There is a verse in the Bible that virtually everyone knows – if not verbatim, at least they would recognize it when they heard it. Next to John 3:16, it is perhaps the best known verse in the Bible. It reads as follows:

Love is patient, love is kind. It does not envy, it does not boast, it is not proud. It is not rude, it is not self-seeking, it is not easily angered, it keeps no record of wrongs. Love does not delight in evil but rejoices with the truth. It always protects, always trusts, always hopes, and always perseveres. Love never fails. [1 Corinthians 13:4-8]

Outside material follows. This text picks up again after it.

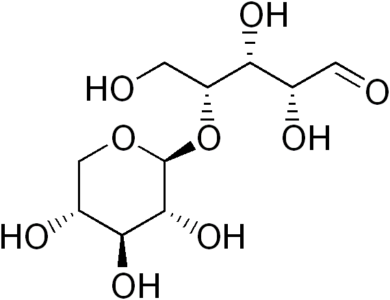 chemical structure of xylobiose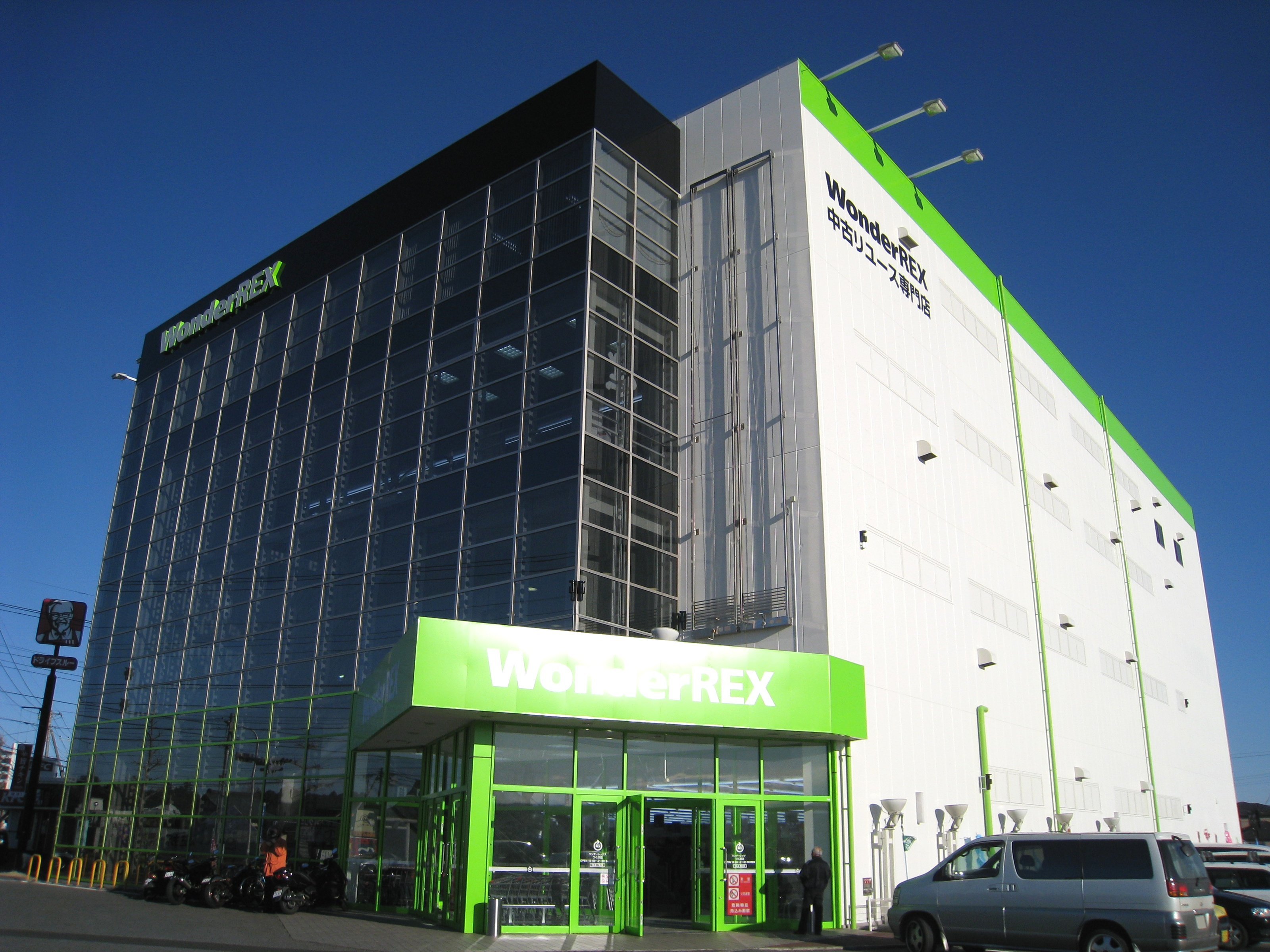 Exterior of Tsukuba WonderREX, is second-hand shop in Tsukuba City, Ibaraki Prefecture, this photo shoot on January 5, 2010.

It is read at weddings every day in this country. It was read at my wedding almost nine years ago despite the fact that, at the time, I had no relationship with my Lord and Savior. Perhaps there is too much familiarity with the verse. So much so that sometimes we don’t take the time to step back and think about the truth and importance of that verse. That’s what I hope to do in this posting and future postings. I want to take some time to look at each characteristic of love reflected in this verse and understand the importance and application of each.

So, what exactly prompted this article on love? In many ways, I started this study as part of my own spiritual walk, but as I studied the concept of love, it was apparent that there were wider implications. The fact is that we live in a culture infatuated with the concept of love. We seek it. We read about it. We watch it on the big screen. We read magazines to tell us how to make that special someone love us. We buy things to try to make people love us, and when that doesn’t fulfill us, we buy things to numb the pain. Our world is starved for love. The theme of love is pervasive in music, poetry, books, movies, television, and magazines. In researching the world’s view of love, I came across the following quote which really sums it up: “Love is a popular subject today. Never before in history have we heard so much about it yet seen so little of it in action.” (Strauss, Richard L. Marriage Is for Love. Bible.Org. Biblical Studies Foundation. 7/11/2006)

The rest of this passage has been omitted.